One thing is certain, we need an anchor.

Life is so uncertain.  One moment life is figured out and definite; the next moment you are stumbling in the dark.

What is your anchor?

I have lived my life without an anchor.  Well I should back up a bit.  I have been raised knowing God as my Lord and Saviour.  My faith was sure.  I knew who I was and where I was going.  I had an anchor in my life, The Anchor.

But then rough waters came.  I was in college and I no longer wanted an anchor.  I wanted freedom.  Freedom from rules, freedom from the restrictions my anchor gave me.  I hated being tied down.  I had been raised knowing the security of my Anchor.  But I did not want to be the good girl anymore.  I wanted to be the fun girl.  I wanted to live life on my own terms. No more rules.  No more restrictions.

I look back with such clarity on this moment.  I made a decision.  This was not a slow fade away from my faith.  This was an “I am done with my faith” moment.   I cut the rope that attached me to my anchor, the anchor being Christ.

I told God I was done.  If this was Christian living, I wanted no part of it.  I was sitting in my office when I made the decision.  But in my mind, I envision myself on a boat that is anchored.  And I take a knife and I cut the rope and I leave the anchor behind.  I immediately start to drift away, and I smile because I think I am free.

In that moment, I picture the face of Jesus.  He is sad.  But He lets me go; because Jesus never forces us to love Him or choose Him.  It is our choice.  He desires a relationship with us, but we have to choose that.

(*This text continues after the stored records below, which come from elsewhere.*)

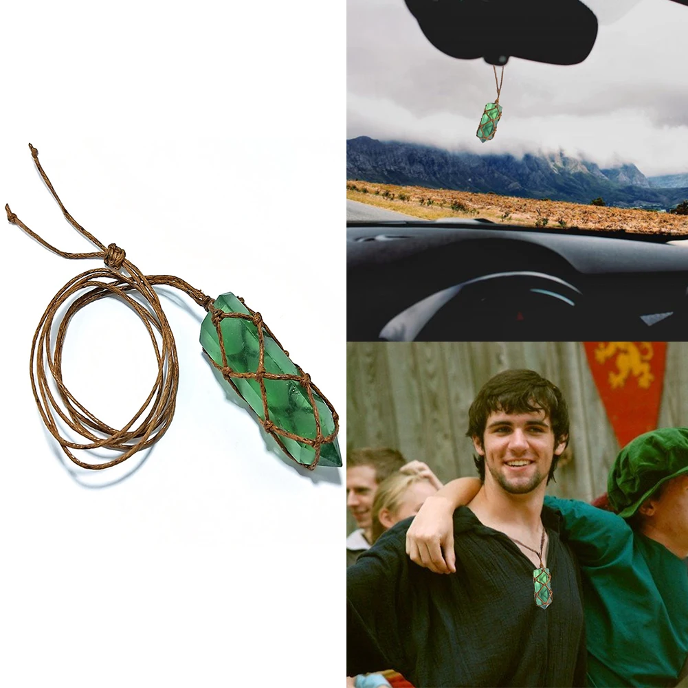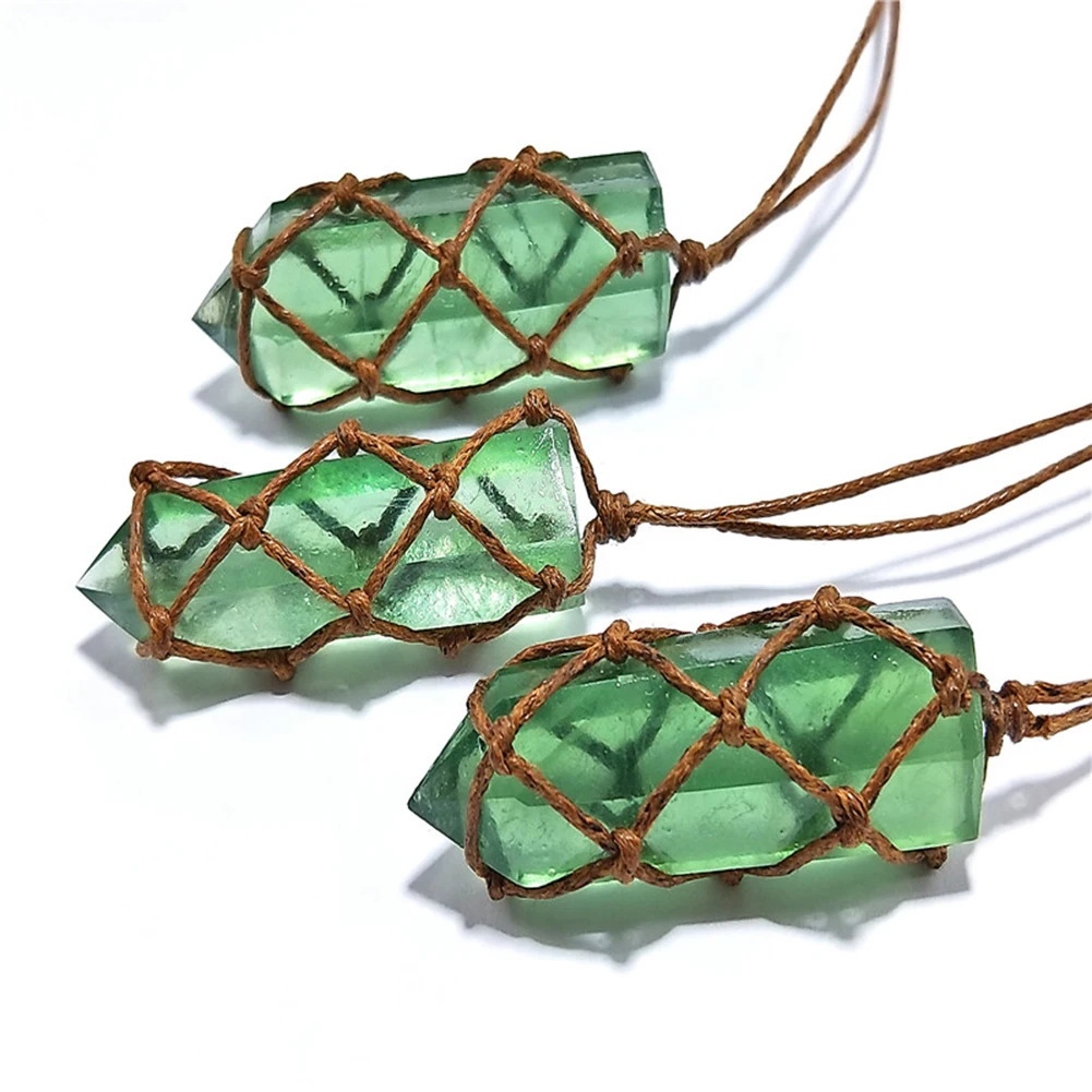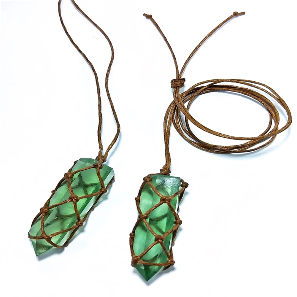 Natural Emerald Crystal Pendant Healing DT Gemstone Wand Reiki Green Fluorite Wrap Braid Necklace Yoga Macrame For Men Women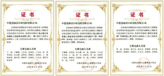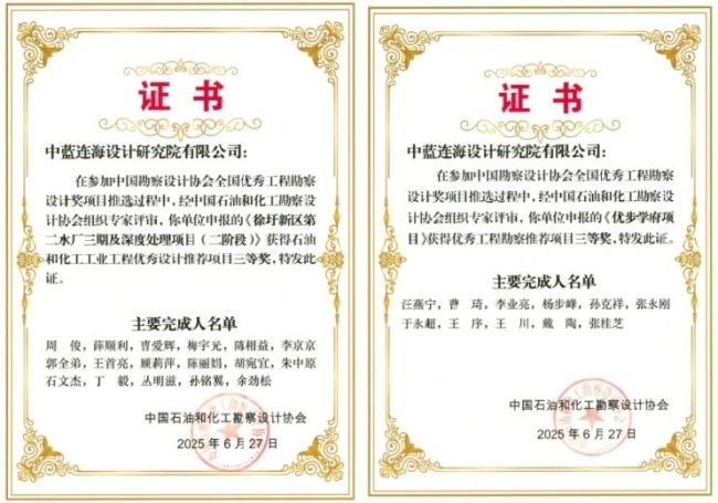 此外,协会还颁发了2025年度优秀工程勘察设计推荐项目获奖证书。中蓝连海申报的“连云港石化基地化工高盐废水处理工程(一期)设计”获化工工程优秀设计项目二等奖;“连云港石化基地工业废水综合治理中心优化提升工程一阶段 EPC 总承包”“徐圩污水处理厂升级改造工程”“徐圩新区第二水厂三期及深度处理项目(二阶段)”分别获化工工程优秀设计项目三等奖;“优步学府项目”获优秀工程勘察项目三等奖。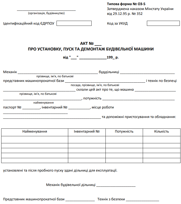 Повна назва бланку: Акт про установку, пуск та демонтаж будівельної машини (типова форма № ОЗ-5).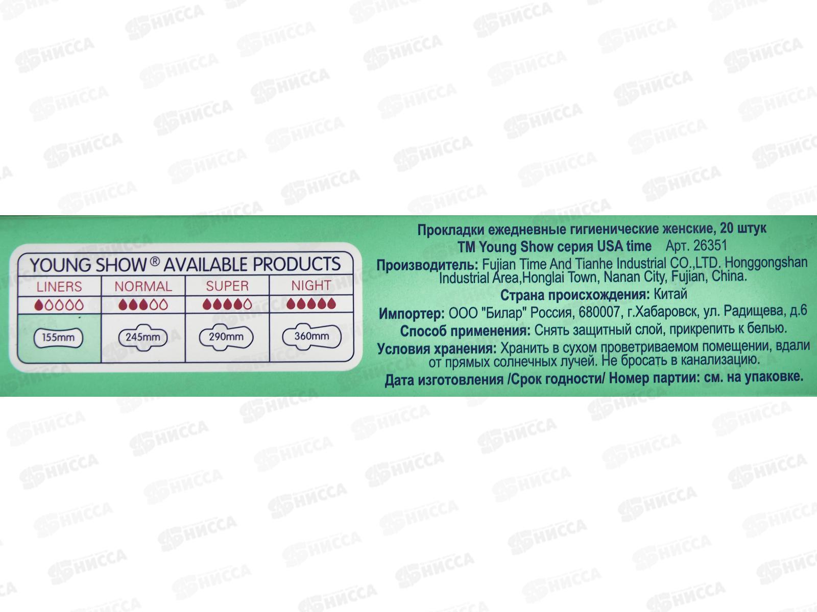 Young Show USA T.M.A. прокладки ежедневные 20шт 15,5см *50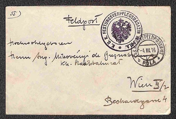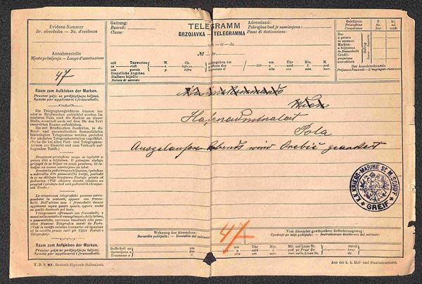 1916/1917 - Pola/K.K. Marine Feldpost - due buste + un telegramma

Cutting free of my anchor was the worst decision I ever made.  I drifted out to deep sea and faced the roughest waters. My life spiraled downward.  I made such poor decisions.  And before I knew it, I felt like I was drowning; drowning in regret and shame and lies. My journey which had started so hopeful was now dark and lonely and hopelessly lost.  My addiction to bulimia led me to lie to everyone I knew and hide from the ones I trusted and loved because I lived in shame.   I coped with my loneliness by partying.  But when the music faded and the party was over, I was still alone and lost, drifting in open waters.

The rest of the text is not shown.